View larger version (23K): [in this window] [in a new window]   Figure 5. Separation of PSA-A2M formed in vitro by gel filtration after denaturation at pH 11.5. Purified PSA-A2M formed in vitro was incubated at pH 11.5 for 30 min at 25 °C. The samples before and after treatment with NaOH were fractionated by gel filtration. , PSA-A2M in fractions measured with the A2M antibody-based PSA-A2M assay after denaturation; , PSA-A2M in fractions measured with the A2M antibody-based PSA-A2M assay before denaturation; , PSA measured by the PSA IFMA after denaturation; , PSA measured by the PSA IFMA before denaturation.

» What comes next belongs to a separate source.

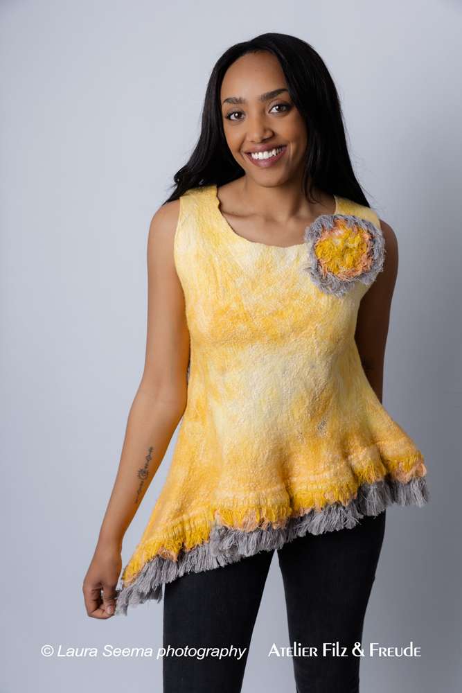 Unsere Filz-Fashion wird individuell gefertigt. Es handelt sich ausschließlich um Einzelstücke. Kaufanfragen werden individuell abgewickelt.

Denaturation of PSA-A₂M in serum.
When purified PSA-A₂M diluted in pooled female serum or when immunoadsorbed serum from PCa patients (n = 10) was incubated at high pH, the appearance of PSA immunoreactivity was detected by the PSA IFMA. Maximal recovery was obtained at pH 11.4, corresponding to a NaOH concentration of 60 mmol/L in this matrix. Gel filtration of the NaOH-treated serum revealed a high-molecular mass component (~400 kDa) and a 30-kDa component, which contained ~30% and 70% of the recovered PSA immunoreactivity, respectively (not shown). The smaller component was detected only by the PSA IFMA, whereas the 400-kDa component was also detected by the A₂M antibody-based PSA-A₂M assay (not shown). Thus, PSA-A₂M formed in vitro and endogenous PSA-A₂M in serum showed similar patterns after denaturation at high pH.

dissociation assay for psa-a₂m
Immunoadsorption of PSA in serum.
Immunoadsorption of PCa serum with the PSA antibody removed >99.9% of PSA immunoreactivity if the concentration of PSA in the serum was <500 µg/L. After the beads were washed with assay buffer, the PSA immunoreactivity was eluted from the beads with 1 mL/L trifluoroacetic acid and subjected to SDS-PAGE and immunoblotting. The extracted PSA consisted of complexed PSA (90 kDa) and free PSA. No A₂M immunoreactivity was detected (not shown).

Characteristics of the assay procedure.
The dissociation assay for PSA-A₂M included immunoadsorption, treatment at pH 11.4, neutralization, and determination of the released PSA immunoreactivity. The quantification range of PSA-A₂M was 0–100 µg/L (Fig. 6 ), and the detection limit was 0.14 µg/L. The values in Fig. 6 represent PSA and disregard the content of A₂M. The intraassay CV was 4–9%, and the interassay CV was 8–14% in samples with PSA concentrations in the range of 2–10 µg/L.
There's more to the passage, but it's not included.